---- Data excerpt

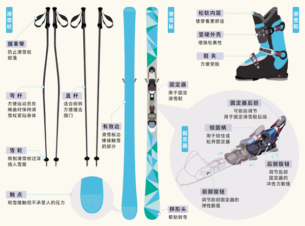 让没有翅膀的人类体验飞翔的感觉,关键是高山滑雪器材的助力,特别是滑雪板、滑雪杖、滑雪鞋、固定器4件主要器材。
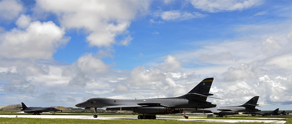 Twelve U.S. Air Force B-1B Lancers assigned to the 37th Expeditionary Bomb Squadron, deployed from Ellsworth Air Force Base (AFB), S.D. and the 9th EBS deployed from Dyess AFB Texas, line the airfield at Andersen AFB, Guam, July 31, 2017. The aircraft are deployed in support of U.S. Pacific Command’s Continuous Bomber Presence operations. These aircraft, and the men and women who fly and support them, provide a significant capability that enables our readiness and commitment to deterrence, provides assurances to our allies, and strengthens regional security and stability in the Indo-Asia-Pacific region. (U.S. Air Force photo/Tech. Sgt. Richard P. Ebensberger)
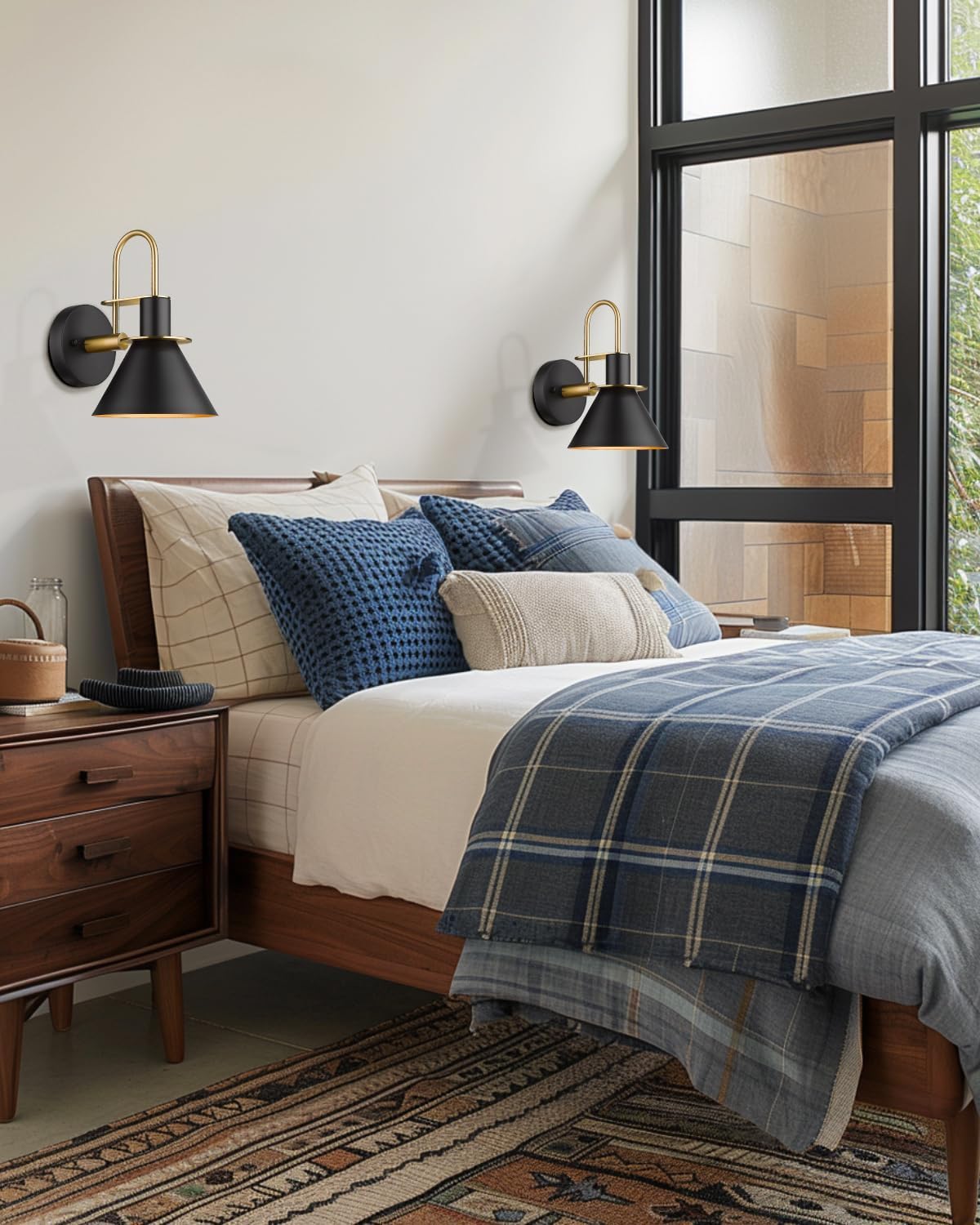 - 【Modern Design】 This single wall lamp compliments the look of almost any indoor or semi-outdoor space, matte black finish decored with brushed gold, the brass interior reflects the light to form an extremely accent contrast. (Attention: Moisture-proof but not waterproof, please keep it away from water)
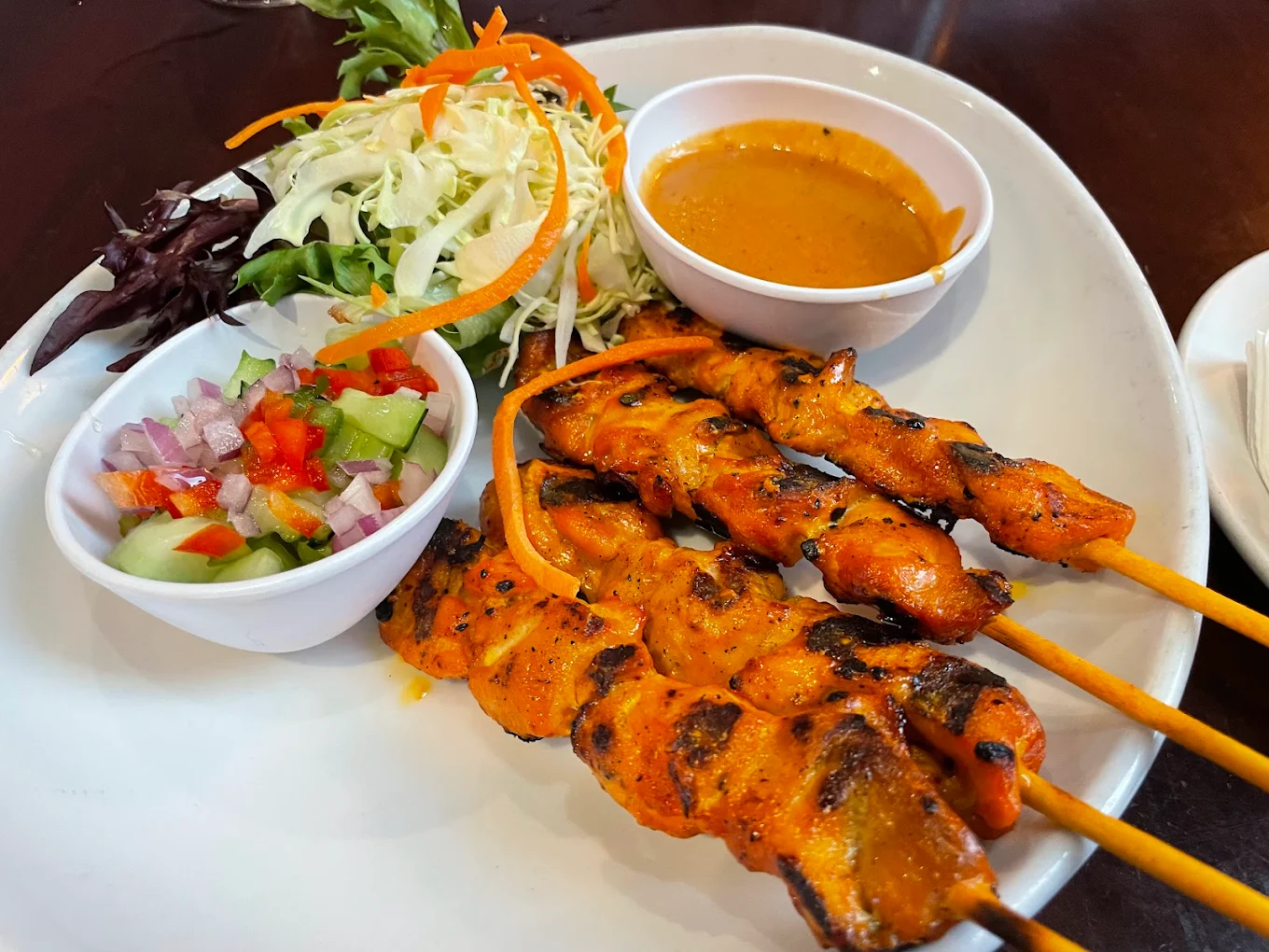 Le Thai 2 Happy Hour Mon-Thurs 4-6 PM and features an authentic Thai menu, Cocktails $6, Wine 20% off, Beer $5, Chicken Satay $10 and Thai Style Wings $11.

--------

Try it: From the first line to the last, repeat the data above exactly and leave the pictures out.

Solution to the exercise:
 让没有翅膀的人类体验飞翔的感觉,关键是高山滑雪器材的助力,特别是滑雪板、滑雪杖、滑雪鞋、固定器4件主要器材。
 Twelve U.S. Air Force B-1B Lancers assigned to the 37th Expeditionary Bomb Squadron, deployed from Ellsworth Air Force Base (AFB), S.D. and the 9th EBS deployed from Dyess AFB Texas, line the airfield at Andersen AFB, Guam, July 31, 2017. The aircraft are deployed in support of U.S. Pacific Command’s Continuous Bomber Presence operations. These aircraft, and the men and women who fly and support them, provide a significant capability that enables our readiness and commitment to deterrence, provides assurances to our allies, and strengthens regional security and stability in the Indo-Asia-Pacific region. (U.S. Air Force photo/Tech. Sgt. Richard P. Ebensberger)
 - 【Modern Design】 This single wall lamp compliments the look of almost any indoor or semi-outdoor space, matte black finish decored with brushed gold, the brass interior reflects the light to form an extremely accent contrast. (Attention: Moisture-proof but not waterproof, please keep it away from water)
 Le Thai 2 Happy Hour Mon-Thurs 4-6 PM and features an authentic Thai menu, Cocktails $6, Wine 20% off, Beer $5, Chicken Satay $10 and Thai Style Wings $11.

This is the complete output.